_Information shown_
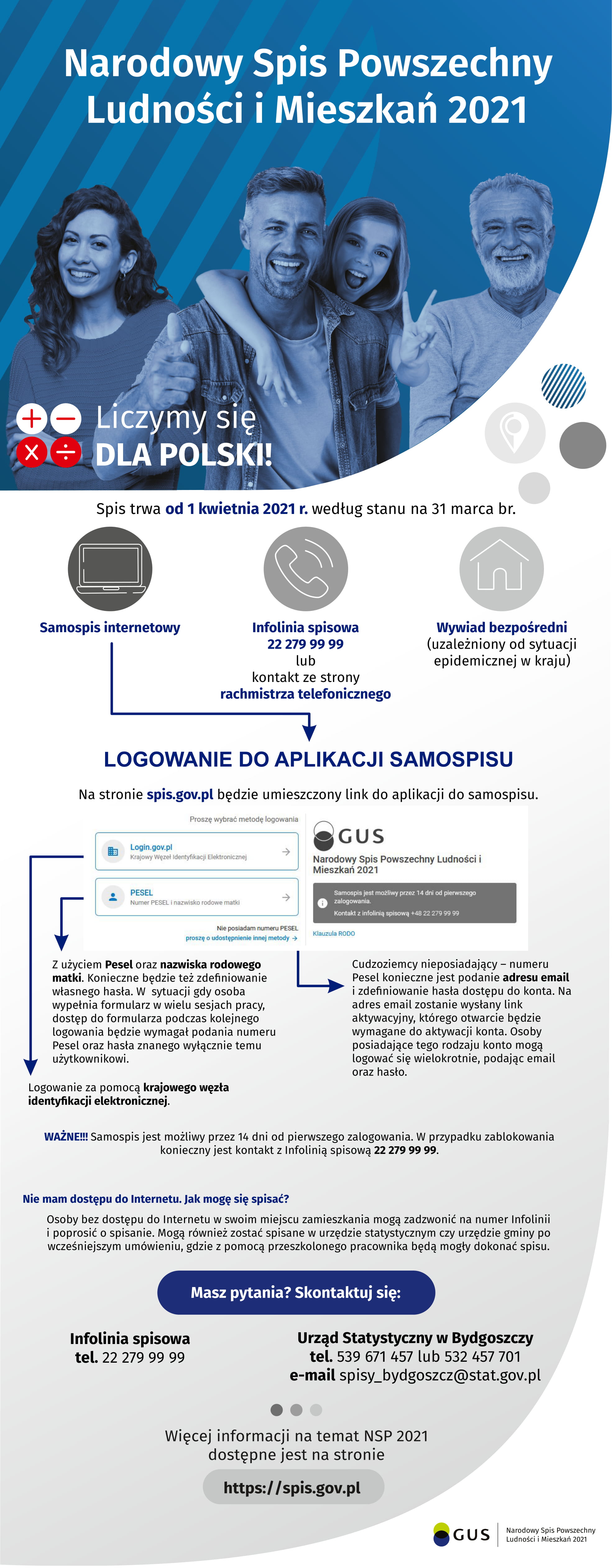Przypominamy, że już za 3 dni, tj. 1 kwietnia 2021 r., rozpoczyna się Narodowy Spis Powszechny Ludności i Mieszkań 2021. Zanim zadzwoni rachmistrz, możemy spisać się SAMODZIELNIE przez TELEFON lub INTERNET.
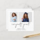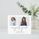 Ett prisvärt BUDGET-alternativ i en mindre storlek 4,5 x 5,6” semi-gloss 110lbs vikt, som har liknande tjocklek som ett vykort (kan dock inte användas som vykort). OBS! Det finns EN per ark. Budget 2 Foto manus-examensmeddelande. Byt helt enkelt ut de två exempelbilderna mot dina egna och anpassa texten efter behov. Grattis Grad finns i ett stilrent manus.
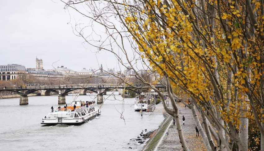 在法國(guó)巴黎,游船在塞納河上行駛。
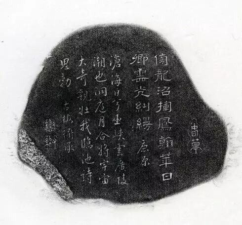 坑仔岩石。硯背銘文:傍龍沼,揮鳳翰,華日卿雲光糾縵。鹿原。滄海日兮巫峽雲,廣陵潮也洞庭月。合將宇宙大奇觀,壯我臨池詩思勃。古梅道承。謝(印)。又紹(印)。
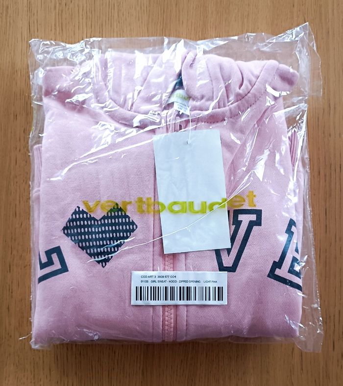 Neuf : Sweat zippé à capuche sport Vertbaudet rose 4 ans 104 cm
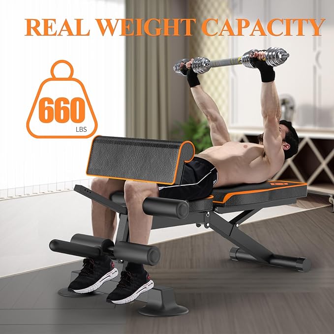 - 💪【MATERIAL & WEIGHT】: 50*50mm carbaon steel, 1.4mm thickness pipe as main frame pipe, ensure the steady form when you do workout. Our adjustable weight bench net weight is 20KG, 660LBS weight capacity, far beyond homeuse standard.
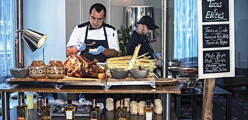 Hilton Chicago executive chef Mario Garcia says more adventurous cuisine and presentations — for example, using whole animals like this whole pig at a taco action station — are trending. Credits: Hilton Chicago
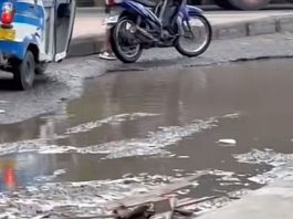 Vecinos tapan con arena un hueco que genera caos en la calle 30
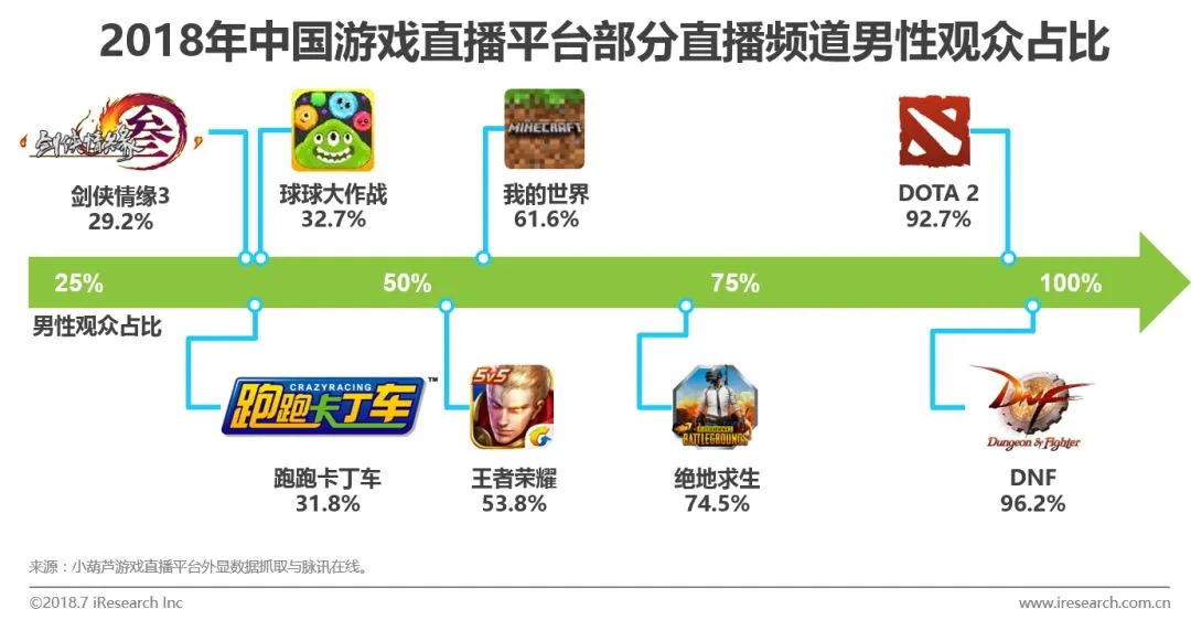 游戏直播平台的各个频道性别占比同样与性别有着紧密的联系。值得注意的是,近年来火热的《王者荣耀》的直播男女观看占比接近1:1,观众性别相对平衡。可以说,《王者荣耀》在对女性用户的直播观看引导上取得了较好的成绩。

--

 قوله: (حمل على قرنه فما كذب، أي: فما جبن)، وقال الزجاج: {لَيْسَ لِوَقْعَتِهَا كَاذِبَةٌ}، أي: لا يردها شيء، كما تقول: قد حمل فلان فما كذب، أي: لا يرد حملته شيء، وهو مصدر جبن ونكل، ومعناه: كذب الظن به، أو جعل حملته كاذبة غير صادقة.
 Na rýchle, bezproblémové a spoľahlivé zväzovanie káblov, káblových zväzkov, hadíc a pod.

_Problem statement_
In the material above, the stretch from the line with "- 💪【MATERIAL &" through the line with "Vecinos tapan con" is to be given again exactly, minus the pictures.

_Your response_
 - 💪【MATERIAL & WEIGHT】: 50*50mm carbaon steel, 1.4mm thickness pipe as main frame pipe, ensure the steady form when you do workout. Our adjustable weight bench net weight is 20KG, 660LBS weight capacity, far beyond homeuse standard.
 Hilton Chicago executive chef Mario Garcia says more adventurous cuisine and presentations — for example, using whole animals like this whole pig at a taco action station — are trending. Credits: Hilton Chicago
 Vecinos tapan con arena un hueco que genera caos en la calle 30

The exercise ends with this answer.